#### RECORDS FOR THE TASK

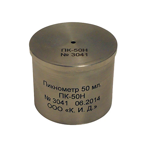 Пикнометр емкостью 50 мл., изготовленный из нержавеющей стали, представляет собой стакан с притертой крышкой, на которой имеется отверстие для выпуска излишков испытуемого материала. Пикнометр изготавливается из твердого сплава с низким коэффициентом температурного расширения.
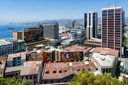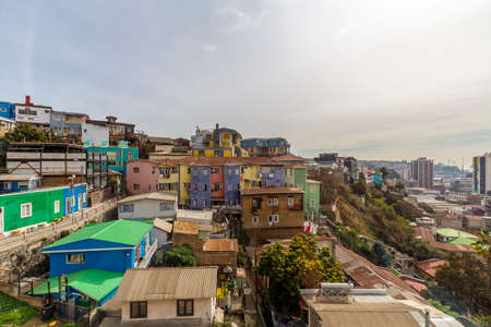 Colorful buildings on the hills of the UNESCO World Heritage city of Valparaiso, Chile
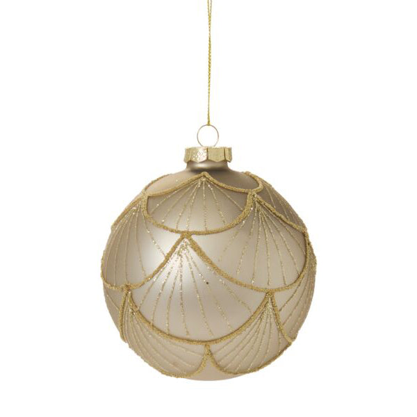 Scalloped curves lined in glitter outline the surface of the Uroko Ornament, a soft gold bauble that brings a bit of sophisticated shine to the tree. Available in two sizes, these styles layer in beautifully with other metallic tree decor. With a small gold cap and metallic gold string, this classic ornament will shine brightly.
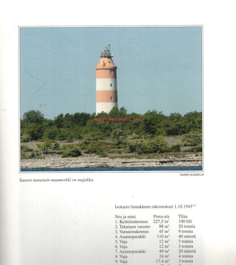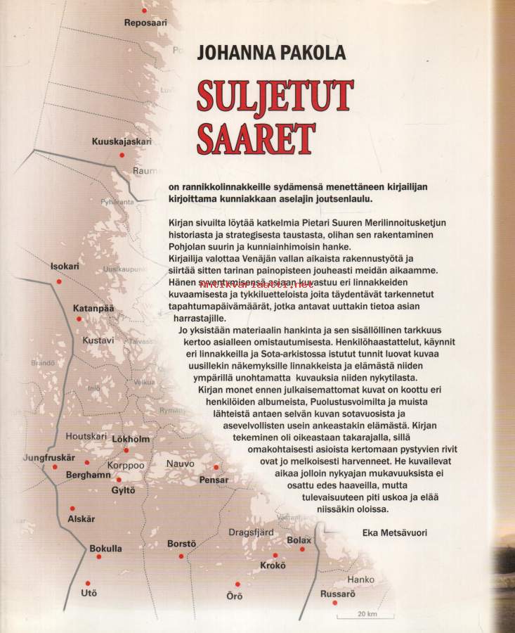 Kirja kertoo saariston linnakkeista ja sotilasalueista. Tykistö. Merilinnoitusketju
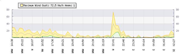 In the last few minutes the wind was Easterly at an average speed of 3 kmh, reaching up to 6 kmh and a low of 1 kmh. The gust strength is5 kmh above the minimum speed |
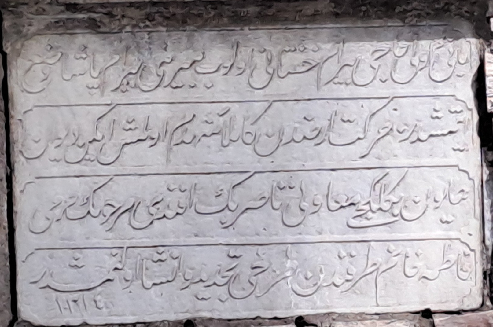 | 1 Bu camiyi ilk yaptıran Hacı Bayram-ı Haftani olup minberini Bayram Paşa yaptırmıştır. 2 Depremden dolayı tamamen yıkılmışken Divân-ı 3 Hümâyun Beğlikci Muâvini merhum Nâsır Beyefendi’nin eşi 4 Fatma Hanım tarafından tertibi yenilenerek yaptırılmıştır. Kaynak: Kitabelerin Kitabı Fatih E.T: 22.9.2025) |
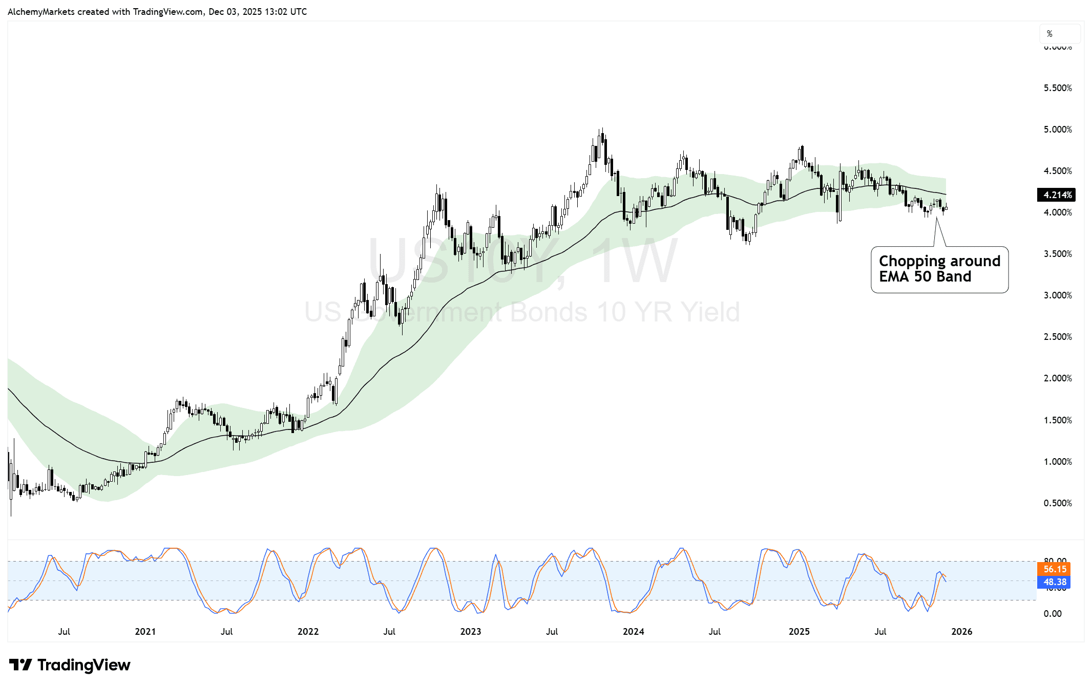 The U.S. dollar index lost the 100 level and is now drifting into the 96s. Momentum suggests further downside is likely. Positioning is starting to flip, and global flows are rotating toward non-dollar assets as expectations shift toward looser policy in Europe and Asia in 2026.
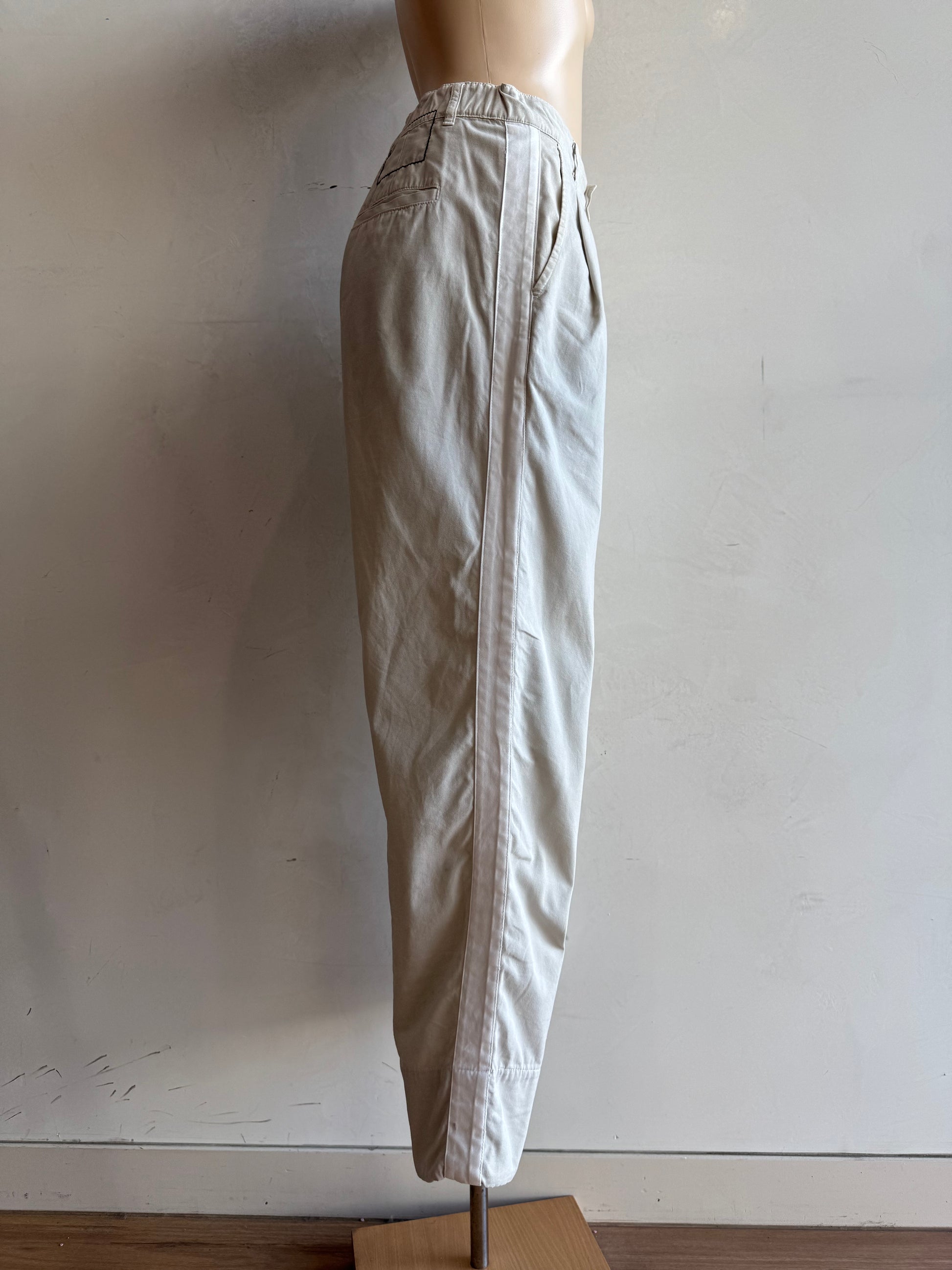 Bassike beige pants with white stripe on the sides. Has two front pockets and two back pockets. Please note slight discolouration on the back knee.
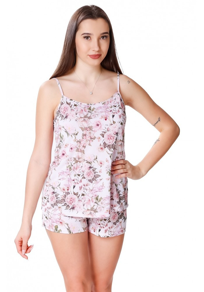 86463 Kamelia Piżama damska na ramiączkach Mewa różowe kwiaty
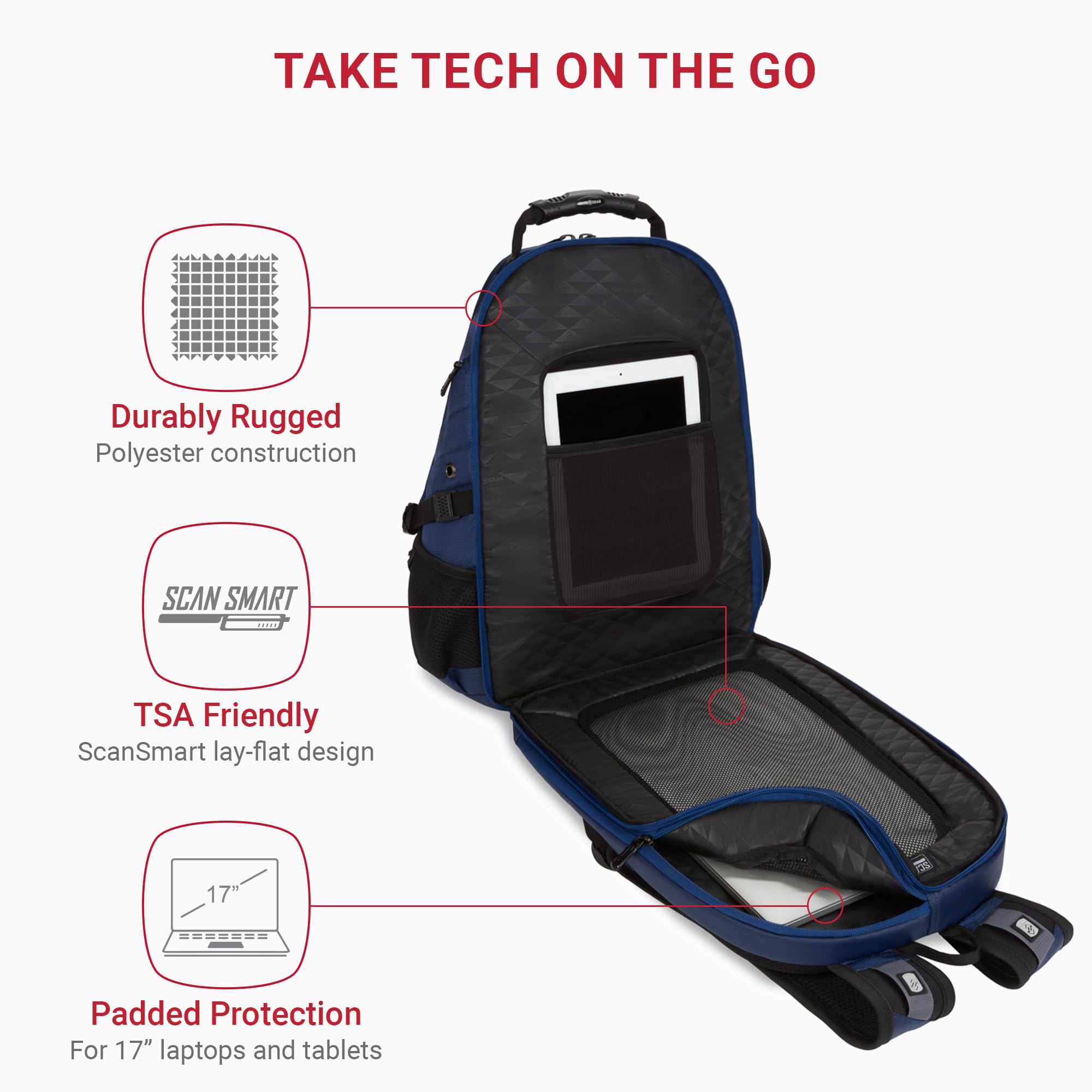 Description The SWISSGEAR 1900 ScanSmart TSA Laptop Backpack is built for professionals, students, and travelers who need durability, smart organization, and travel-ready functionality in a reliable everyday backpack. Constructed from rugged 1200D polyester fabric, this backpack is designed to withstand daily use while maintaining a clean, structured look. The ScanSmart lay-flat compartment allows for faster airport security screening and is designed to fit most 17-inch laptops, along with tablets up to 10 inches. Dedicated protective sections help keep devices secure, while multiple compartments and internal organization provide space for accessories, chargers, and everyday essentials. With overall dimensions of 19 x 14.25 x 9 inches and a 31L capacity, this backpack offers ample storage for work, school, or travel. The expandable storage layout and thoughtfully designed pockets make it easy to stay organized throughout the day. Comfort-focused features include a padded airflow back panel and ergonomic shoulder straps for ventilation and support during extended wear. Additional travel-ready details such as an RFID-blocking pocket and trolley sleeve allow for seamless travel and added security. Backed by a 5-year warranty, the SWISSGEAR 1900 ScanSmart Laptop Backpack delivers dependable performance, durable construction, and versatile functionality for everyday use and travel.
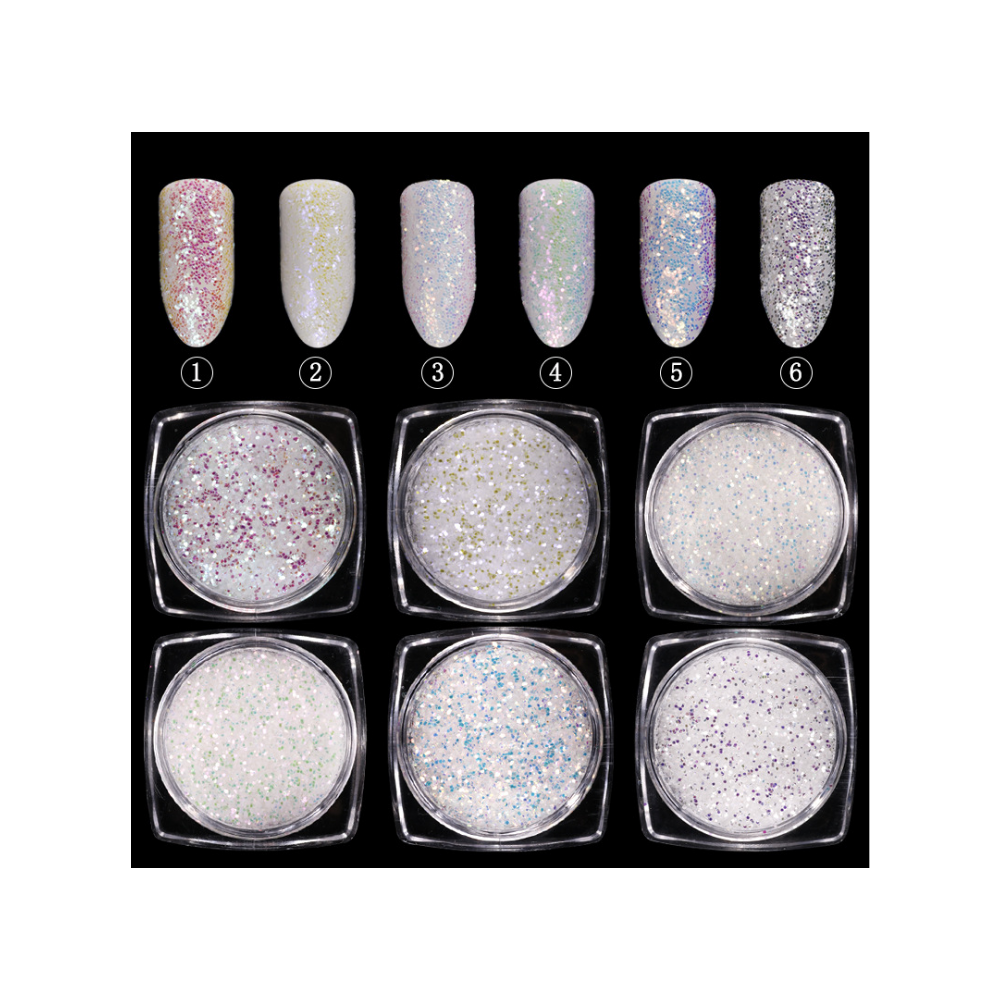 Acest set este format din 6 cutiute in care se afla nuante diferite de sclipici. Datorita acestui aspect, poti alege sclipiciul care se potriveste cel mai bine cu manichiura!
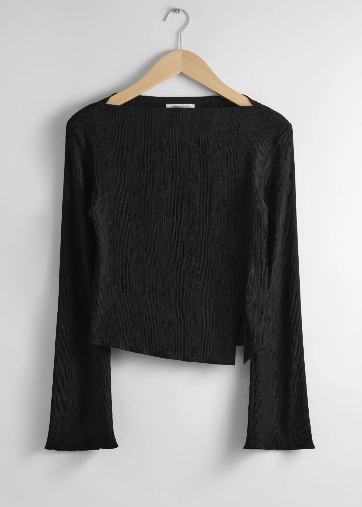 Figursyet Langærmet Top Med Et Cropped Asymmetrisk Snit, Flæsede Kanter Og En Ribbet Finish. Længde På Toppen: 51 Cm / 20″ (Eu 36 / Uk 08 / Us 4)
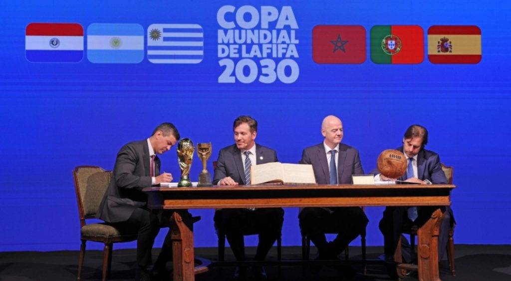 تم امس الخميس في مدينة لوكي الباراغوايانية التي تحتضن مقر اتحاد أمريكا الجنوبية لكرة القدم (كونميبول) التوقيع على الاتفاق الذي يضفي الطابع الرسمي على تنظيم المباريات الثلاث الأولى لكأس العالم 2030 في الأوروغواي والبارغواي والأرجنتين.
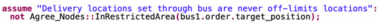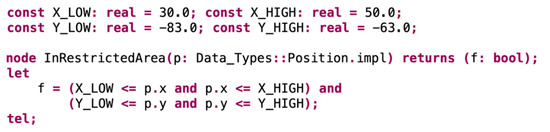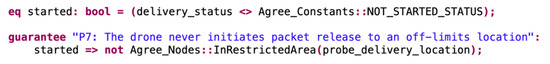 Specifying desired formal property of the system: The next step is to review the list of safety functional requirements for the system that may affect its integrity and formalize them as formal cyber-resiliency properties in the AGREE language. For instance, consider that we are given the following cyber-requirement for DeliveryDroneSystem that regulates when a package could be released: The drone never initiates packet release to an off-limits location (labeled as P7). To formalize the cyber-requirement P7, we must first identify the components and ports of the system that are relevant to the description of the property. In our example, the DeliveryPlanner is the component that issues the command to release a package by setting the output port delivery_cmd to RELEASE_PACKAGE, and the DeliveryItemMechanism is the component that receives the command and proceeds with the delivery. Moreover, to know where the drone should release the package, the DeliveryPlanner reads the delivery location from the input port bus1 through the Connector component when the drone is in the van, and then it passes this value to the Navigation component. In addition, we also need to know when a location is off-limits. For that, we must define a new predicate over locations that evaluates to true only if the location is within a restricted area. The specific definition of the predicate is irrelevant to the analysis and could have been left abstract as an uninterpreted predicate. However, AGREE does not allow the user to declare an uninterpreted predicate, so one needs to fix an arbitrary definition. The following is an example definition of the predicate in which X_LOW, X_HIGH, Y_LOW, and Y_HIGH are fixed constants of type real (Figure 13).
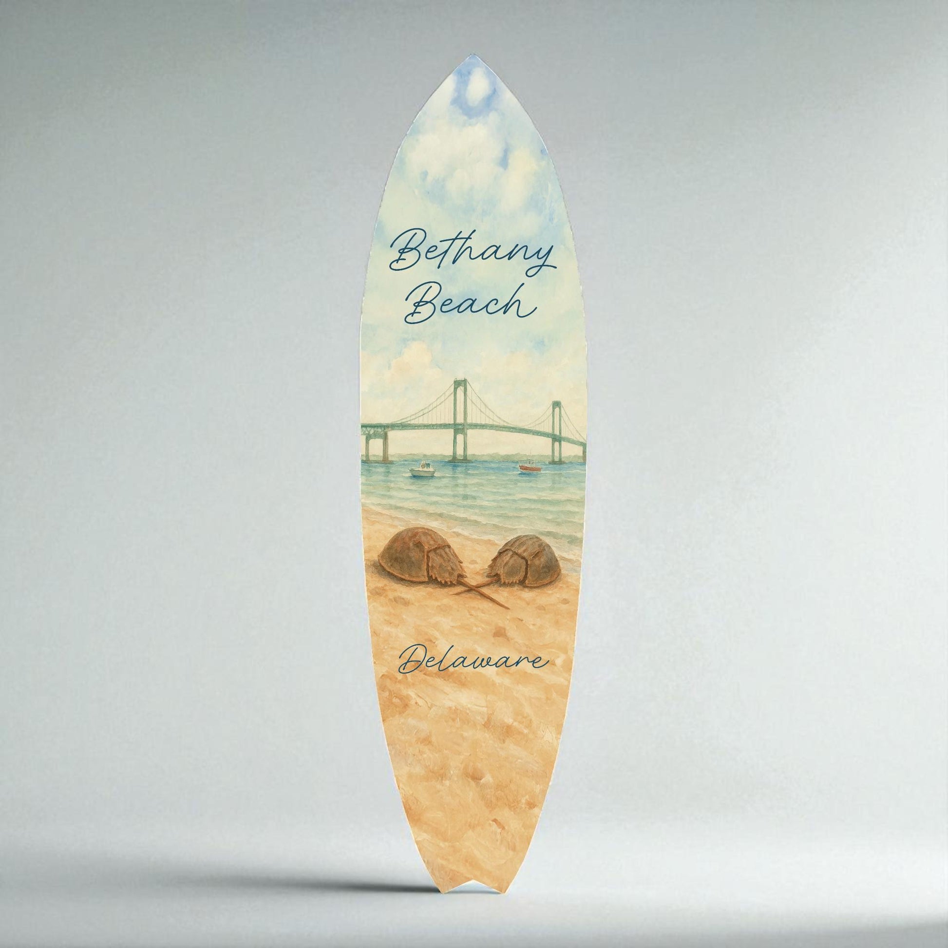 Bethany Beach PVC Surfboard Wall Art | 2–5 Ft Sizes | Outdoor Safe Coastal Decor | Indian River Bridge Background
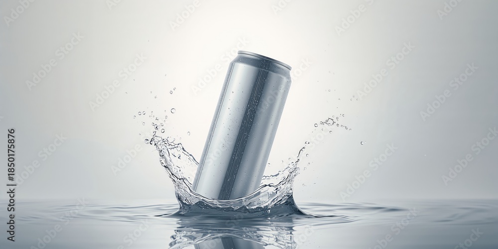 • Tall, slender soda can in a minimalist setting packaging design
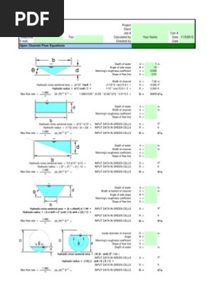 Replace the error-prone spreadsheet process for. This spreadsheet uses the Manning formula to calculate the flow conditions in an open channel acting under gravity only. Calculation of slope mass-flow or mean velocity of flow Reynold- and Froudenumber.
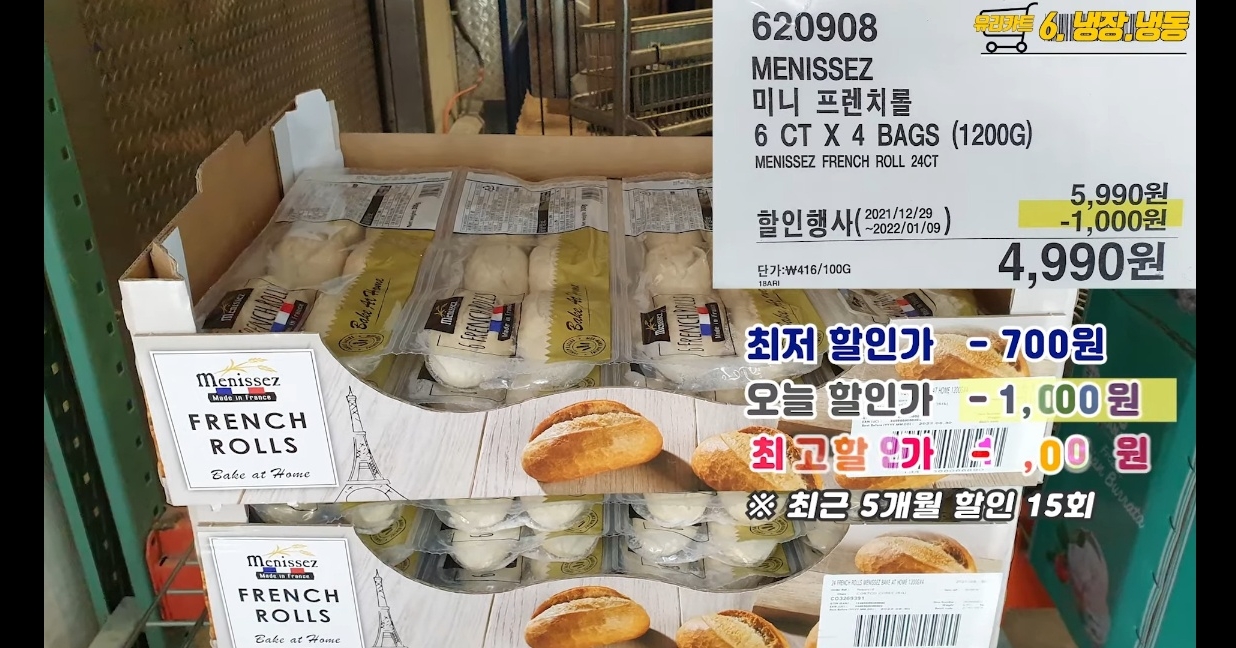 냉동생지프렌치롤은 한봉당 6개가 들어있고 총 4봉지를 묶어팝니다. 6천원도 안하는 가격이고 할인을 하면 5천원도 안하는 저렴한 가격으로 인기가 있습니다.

########

Your answer must be the exact lines from the one containing "Replace the error-prone" through the last line of the records above, with both included and no pictures.

**EXPECTED ANSWER**.
 Replace the error-prone spreadsheet process for. This spreadsheet uses the Manning formula to calculate the flow conditions in an open channel acting under gravity only. Calculation of slope mass-flow or mean velocity of flow Reynold- and Froudenumber.
 냉동생지프렌치롤은 한봉당 6개가 들어있고 총 4봉지를 묶어팝니다. 6천원도 안하는 가격이고 할인을 하면 5천원도 안하는 저렴한 가격으로 인기가 있습니다.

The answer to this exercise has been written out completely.